Rodimus Rodimus Historia Obserwuj temat Obserwuj notkę 15

   11 listopada w III RP jest świętem neopiłsudczyków. Z roku na rok tylko utwierdzam się w tym przekonaniu. Wszystko obraca się wokół jednego człowieka, co paradoksalne, człowieka, który gdy ogłaszano niepodległość Polski, tworzono polskie wojsko i administrację, siedział zamknięty w przytulnej chatce na terenie magdeburskiej twierdzy i stawiał pasjanse.

   Ogromnym błędem byłoby, gdybym odmówił Józefowi Piłsudskiemu wszelkich zasług, bo niewątpliwie je posiadał. Był jednym z wielu ludzi, którzy w taki, czy inny sposób, zasłużyli się dla niepodległości Polski. Nie był jednak tym, który dał Polakom niepodległość. Tę bzdurę zaczęła wmawiać Polakom piłsudczyzna po dokonaniu krwawego zamachu stanu w 1926 roku i wprowadzeniu swoich rządów. Piłsudski był tym, który przejął władzę w odrodzonej Polsce, ale w latach, gdy rozstrzygały się losy polskiej państwowości, nie miał żadnego wpływu na bieg wypadków.

   Odrodzenie państwa polskiego nastąpiło dwutorowo. Z jednej strony dzięki fantastycznej pracy Komitetu Narodowego Polskiego i dyplomatycznemu geniuszowi Romana Dmowskiego, a z drugiej strony, dzięki tytanicznej pracy polskich patriotów skupionych wokół tworzących się na ziemiach polskich ośrodków władzy, przede wszystkim członków Rady Regencyjnej, którzy stworzyli zalążki polskiej administracji i armii. 7 października 1918 roku Rada Regencyjna ogłosiła niepodległość Polski. Wówczas już prawie od roku działał rząd Jana Kucharzewskiego. 12 października 1918 roku Rada Regencyjna przejęła zwierzchnictwo nad wojskiem złożonym głównie z Polskiej Siły Zbrojnej. Nowy rząd utworzony 25 października 1918 roku przez Józefa Świeżyńskiego nie wystąpił już o akceptację Niemców i Austro-Węgrów, co było czymś oczywistym po ogłoszeniu 7 października niepodległości. 28 października 1918 roku powołano gen.
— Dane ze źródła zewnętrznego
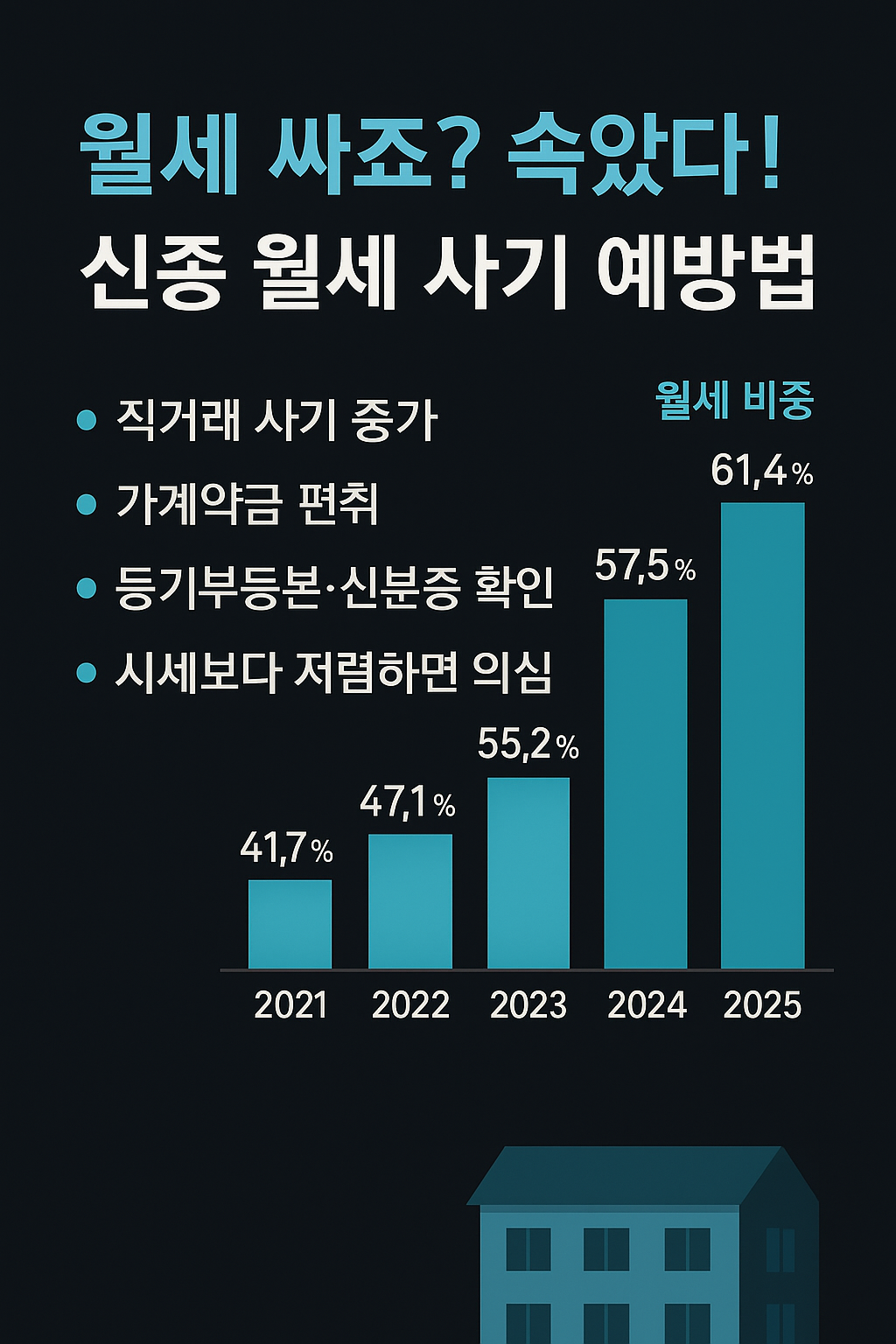 최근 몇 년간 전세 사기 사건이 빈번히 발생하면서, 많은 임차인이 전세 대신 월세로 눈을 돌리고 있습니다. 실제로 국토교통부 주택통계에 따르면 올해 1~2월 전국 전·월세 신규 거래 중 월세 비중이 61.4%로 상승했습니다.

Tadeusza Rozwadowskiego na stanowisko szefa sztabu generalnego. Generał rozpoczął organizowanie sztabu i ministerstwa spraw wojskowych. To gen. Rozwadowski jest twórcą Wojska Polskiego i jego pierwszym dowódcą, jego rozkazy dały początek wszystkim rodzajom broni, a  "Tymczasowa ustawa o powszechnym obowiązku służby wojskowej" ,mimo słowa tymczasowa w jej nazwie, przetrwała do 1924 roku. Pytam, ile razy dzisiaj w mediach padło nazwisko Rozwadowski? No ile? Ile razy padły nazwiska Kucharzewskiego i Świeżyńskiego? Ile razy padły nazwiska regentów: Kakowskiego, Lubomirskiego i Ostrowskiego?
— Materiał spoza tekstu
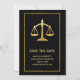 Celebração de graduação salve o cartão de data com uma imagem de escala de ouro em um plano de fundo preto. Simples e elegante.

   Działania Rady Regencyjnej nie miałyby żadnego znaczenia, bo została utworzona za zgodą państwa, które wojnę przegrało, gdyby nie sukces dyplomacji Romana Dmowskiego. Po raz pierwszy w historii polska dyplomacja pokazała klasę. Dmowski  na Konferencjach Międzysojuszniczych przybliżył sprawę polską Entencie, przekonał, że niepodległa Polska jest warunkiem koniecznym nowego ładu po zakończeniu wojny. Później w Wersalu prezentował niezwykle wysoki poziom wiedzy i erudycji, tocząc potyczki z wrogą Polsce dyplomacją brytyjską. Z kolei Ignacy Jan Paderewski odegrał niebagatelną rolę w zrobieniu jakże wielkiego orędownika sprawy polskiej z prezydenta USA Thomasa Woodrow Wilsona. Równie wielką pracę wykonali członkowie KNP: Marian Seyda, Maurycy Zamoyski, Erazm Piltz, czy Jan Emanuel Rozwadowski, który odegrał niezwykle istotną rolę w zjednoczeniu wokół sprawy polskiej skłóconej polonii amerykańskiej. Czy dzisiaj ktoś o nich wspomniał? Czy jakiś historyk upomniał się o pamięć dla tych ludzi? Ależ skąd, przecież oni wszyscy nie byli piłsudczykami, a o "faszystach" nikt nie będzie przypominał.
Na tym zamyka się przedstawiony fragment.